Consistent Cluster Order with Kmeans in R

Consistent Cluster Order with Kmeans in R - r

This might not be possible, but Google has failed me so far so I'm hoping someone else might have some insight. Sorry if this has been asked before.
The background is, I have a database of information on different cities, so like name, population, pollution, crime, etc by year. I'm querying it to aggregate the data on a per-city basis and outputting the result to a table. That works fine.
The next step is I'm running the kmeans() function in R on the data set to find clusters, in testing I've found that 5 clusters is almost always a good choice via the "elbow method".
The issue I'm having is that these clusters have distinct meanings/interpretations, so I want to tag each row in the original data set with the cluster's interpretation for that row, not the cluster number. So I don't want to identify row 2 with "cluster 5", I want to say "low population, high crime, low income".
If R would output the clusters in the same order, say having cluster 5 always equate to the cluster of cities with "low population, high crime, low income", that would work fine, but it doesn't. For instance, if you run code like this:
> a = kmeans(city_date,centers=5)
> b = kmeans(city_date,centers=5)
> c = kmeans(city_date,centers=5)
The run this code:
a$centers
b$centers
c$centers
The clusters will all contain the same data set, but the cluster number will be different. So if I have a mapping table in SQL that has cluster number and interpretation, it won't work, because when I run it one day it might have the "low population, high crime, low income" cluster as 5, and the next it might be 2, the next 4, etc.
What I'm trying to figure out is if there is a way to keep the output consistent. The data set gets updated so it won't even be the same every time, and since R doesn't keep the cluster order consistent even with the same data set, I am wondering if it will be possible at all.
Thanks for any help anyone can provide. On my end my current idea is to output the $centers data to a SQL table, then order the table by the various metrics, each time the one with the highest/lowest getting tagged as such, and then concatenating the results to tag the level. This may work but isn't very elegant.

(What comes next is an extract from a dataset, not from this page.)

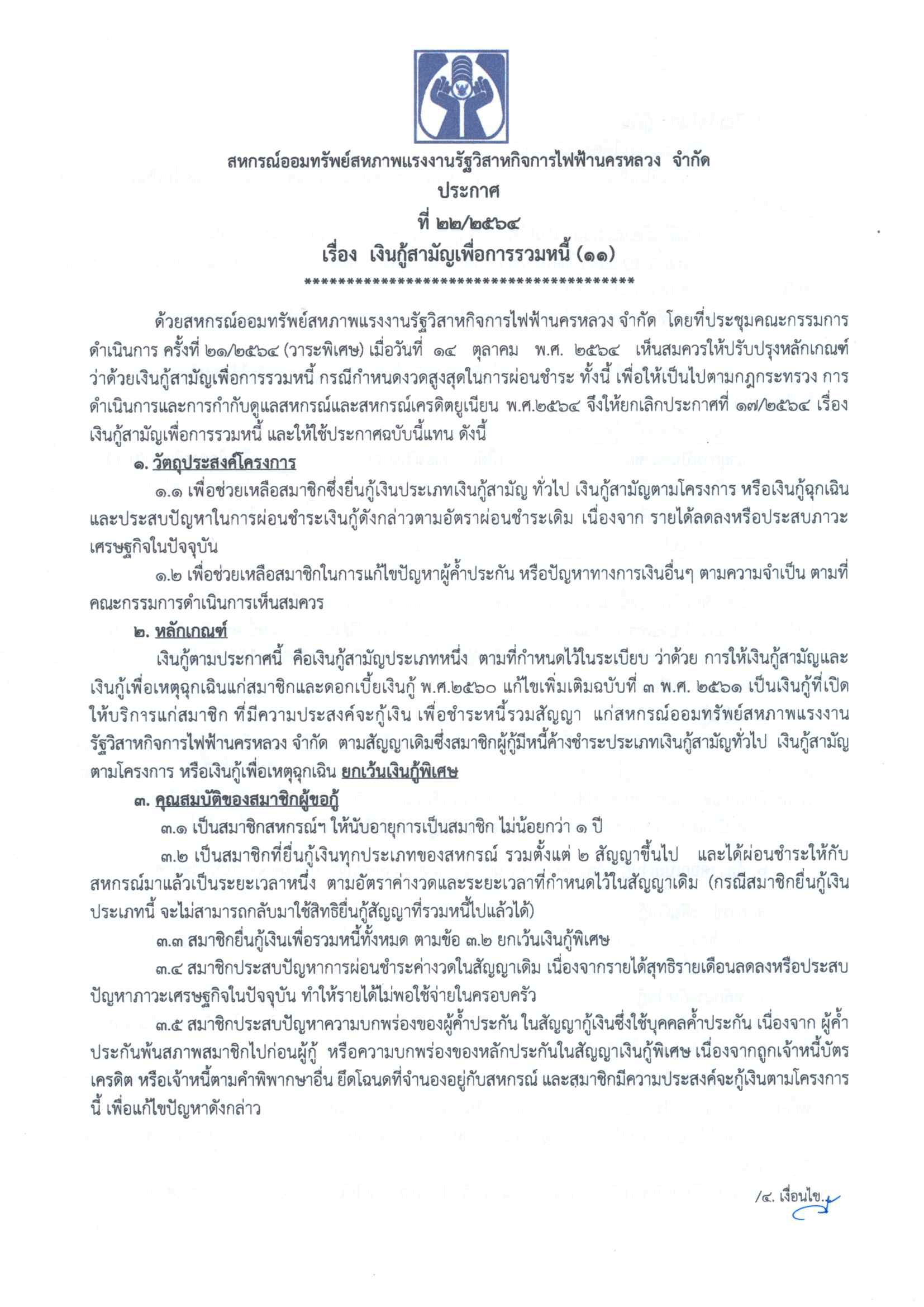 • ประกาศที่ 22/2564 เรื่อง เงินกู้สามัญเพื่อการรวมหนี้ (๑๑)

I know this is a very old post, but I only came across it now. I had the same problem today and adapted the suggestion by Barker to come up with a solution:
library(dplyr)
# create a random data frame
df <- data.frame(id = 1:10, obs = sample(0:500, 10))
# use kmeans a first time to get the centers
centers <- kmeans(df$obs, centers = 3)$centers
# order the centers
centers <- sort(centers)
# call kmeans again but this time passing the centers calculated in the previous step
clusteridx <- kmeans(df$obs, centers = centers)$cluster
Not very elegant, but it works. The clusteridx vector will always return the cluster number based on the centers in ascending order.
This can also be collapsed into just one line if you prefer:
clusteridx <- kmeans(df$obs, centers = sort(kmeans(df$obs, centers = 3)$centers))$cluster

Usually k-means are initialized randomly few times to avoid local minimums. If you want to have resulting clusters ordered, you have to order them manually after k-means algorithm stops to work.

I haven't done this myself so I am not sure it will work, but kmeans has the parameter:
centers - either the number of clusters, say k, or a set of initial (distinct) cluster centres. If a number, a random set of (distinct) rows in x is chosen as the initial centres.
If you know know basically where the clusters should be (perhaps by getting the cluster centers from a dataset you are matching to), you could use that to initialize the model. That would make the starting locations non-random, so the clusters should stay in the same order. Also, as an added benefit, initializing the cluster centers close to where they will end up should speed up your clustering.
Edit
I just checked using the data from the kmeans example but initializing with the first datapoint at (1,1) and the second at (0,0) (the means of the distributions used to makes the clusters) as below.
x <- rbind(matrix(rnorm(100, sd = 0.3), ncol = 2),
matrix(rnorm(100, mean = 1, sd = 0.3), ncol = 2))
colnames(x) <- c("x", "y")
(cl <- kmeans(x, matrix(c(1,0,1,0),ncol=2)))
plot(x, col = cl$cluster)
points(cl$centers, col = 1:2, pch = 8, cex = 2)
After repeated runs, I found that the first cluster was always in the top right and the second in the bottom left where as initializing with 2 clusters caused then to switch back and forth. If you have some approximate starting values for your clusters (ie quantification for "low population, high crime, low income") that could be your initialization and give you the results you want.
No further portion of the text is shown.